▶ [To do]: Would you reproduce the whole listing exactly, minus its images?

▶ [Data shown]:
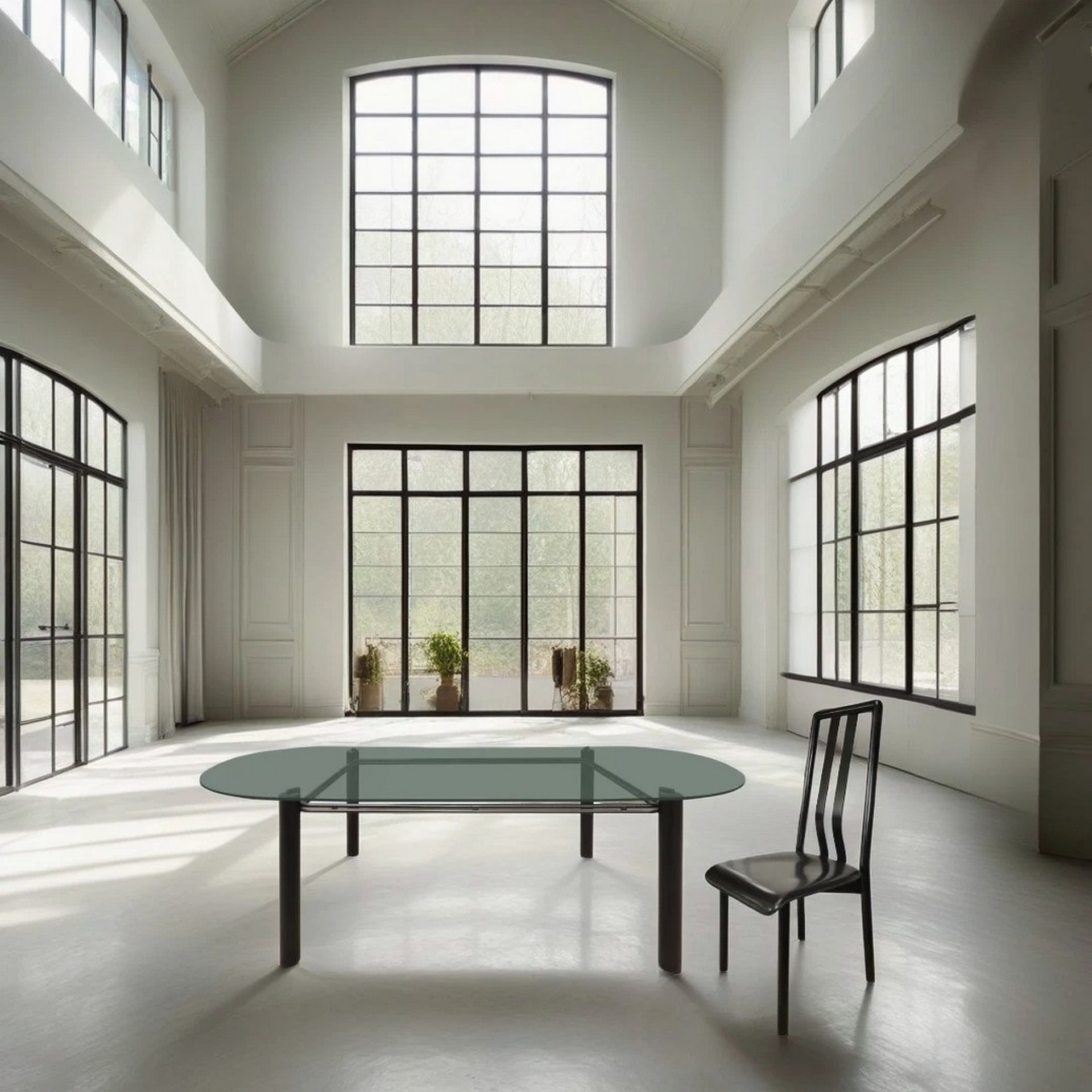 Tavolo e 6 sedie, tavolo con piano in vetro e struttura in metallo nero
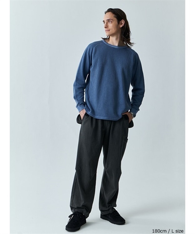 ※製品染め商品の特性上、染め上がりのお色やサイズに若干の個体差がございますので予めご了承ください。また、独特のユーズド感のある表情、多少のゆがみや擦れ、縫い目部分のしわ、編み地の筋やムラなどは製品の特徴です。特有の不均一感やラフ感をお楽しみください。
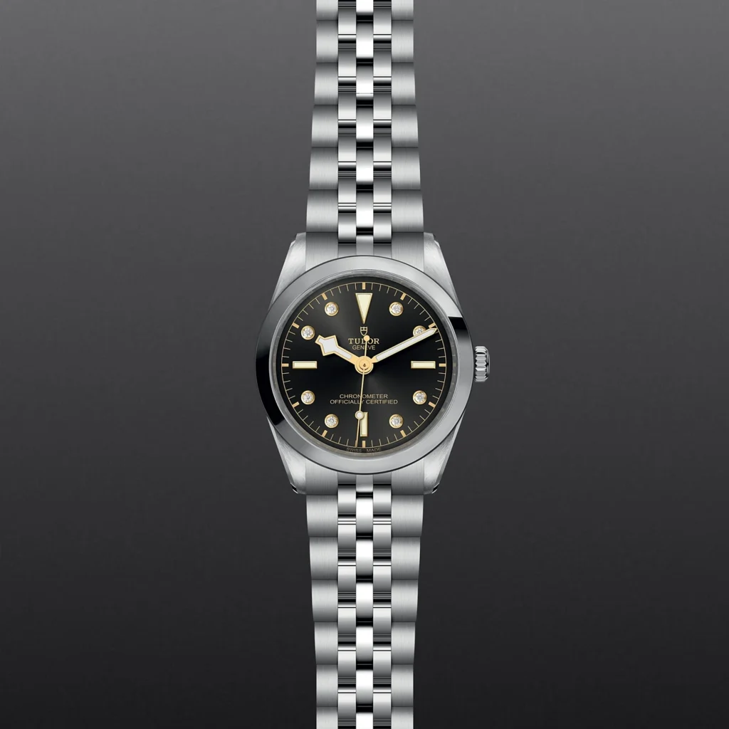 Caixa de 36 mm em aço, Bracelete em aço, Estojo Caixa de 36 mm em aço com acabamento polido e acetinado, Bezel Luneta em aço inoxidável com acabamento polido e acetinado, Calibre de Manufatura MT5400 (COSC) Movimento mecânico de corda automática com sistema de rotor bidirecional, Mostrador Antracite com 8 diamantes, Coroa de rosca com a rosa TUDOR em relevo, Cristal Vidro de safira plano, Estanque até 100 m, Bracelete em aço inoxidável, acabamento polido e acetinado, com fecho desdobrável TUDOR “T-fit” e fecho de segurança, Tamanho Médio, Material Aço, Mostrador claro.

▶ [Solution for this problem]:
 Tavolo e 6 sedie, tavolo con piano in vetro e struttura in metallo nero
 ※製品染め商品の特性上、染め上がりのお色やサイズに若干の個体差がございますので予めご了承ください。また、独特のユーズド感のある表情、多少のゆがみや擦れ、縫い目部分のしわ、編み地の筋やムラなどは製品の特徴です。特有の不均一感やラフ感をお楽しみください。
 Caixa de 36 mm em aço, Bracelete em aço, Estojo Caixa de 36 mm em aço com acabamento polido e acetinado, Bezel Luneta em aço inoxidável com acabamento polido e acetinado, Calibre de Manufatura MT5400 (COSC) Movimento mecânico de corda automática com sistema de rotor bidirecional, Mostrador Antracite com 8 diamantes, Coroa de rosca com a rosa TUDOR em relevo, Cristal Vidro de safira plano, Estanque até 100 m, Bracelete em aço inoxidável, acabamento polido e acetinado, com fecho desdobrável TUDOR “T-fit” e fecho de segurança, Tamanho Médio, Material Aço, Mostrador claro.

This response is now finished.